Not every piece lands equally, and the record has a few stretches where the mood becomes more uniform than it needs to be. But on balance this is a strong late-period album from a musician who was still genuinely curious about what the music could do.
The last studio album before his death in December 2012, recorded when he was 86. A solo piano record, and the title fits with a precision that was probably not entirely accidental: this is late-season music, warm and reflective, the afternoon light at a particular angle. Brubeck plays these pieces with the patience of someone who knows exactly how long each idea needs and exactly when to let it go.
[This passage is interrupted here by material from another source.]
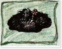 Giovanna insiste affinché la nostra attenzione colga i miracoli della natura e, tra questi, quelli che più la riempiono di buonumore sono le estese e fresche cacche di vacca. Su uno di questi miracoli inserisce due fiorellini ed impone a Fabio ed a me di fotografare la composizione.
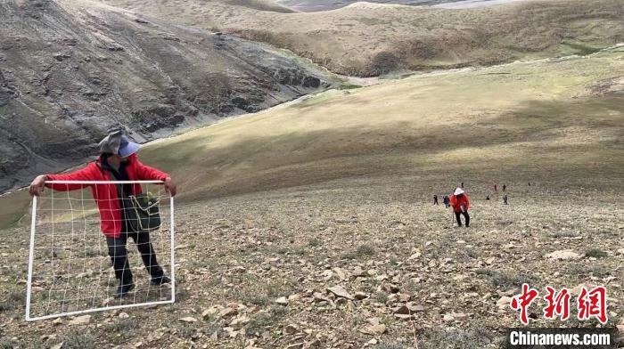 研究團(tuán)隊(duì)在考察山體物種豐富度和植被群落結(jié)構(gòu)的途中(海拔4600米左右)。中國(guó)科學(xué)院青藏高原研究所 供圖

Alone at the piano, without the quartet to lean on, every harmonic choice is exposed, and what you hear is the full depth of Brubeck's musical thinking. The block chords, the polyrhythmic passages, the sudden moments of spare lyricism: all of it is here, distilled to its essence. There is nowhere to hide in a solo piano record, and Brubeck does not try. The playing is honest and unhurried.
Indian Summer is a quiet close to a great career, and genuinely moving if you come to it knowing what it is. Brubeck died five years after this recording, one day before his 92nd birthday. The music on this album does not sound like a farewell because it was not intended as one, but it has the quality of a musician fully at peace with what he has made. That is its own kind of grace.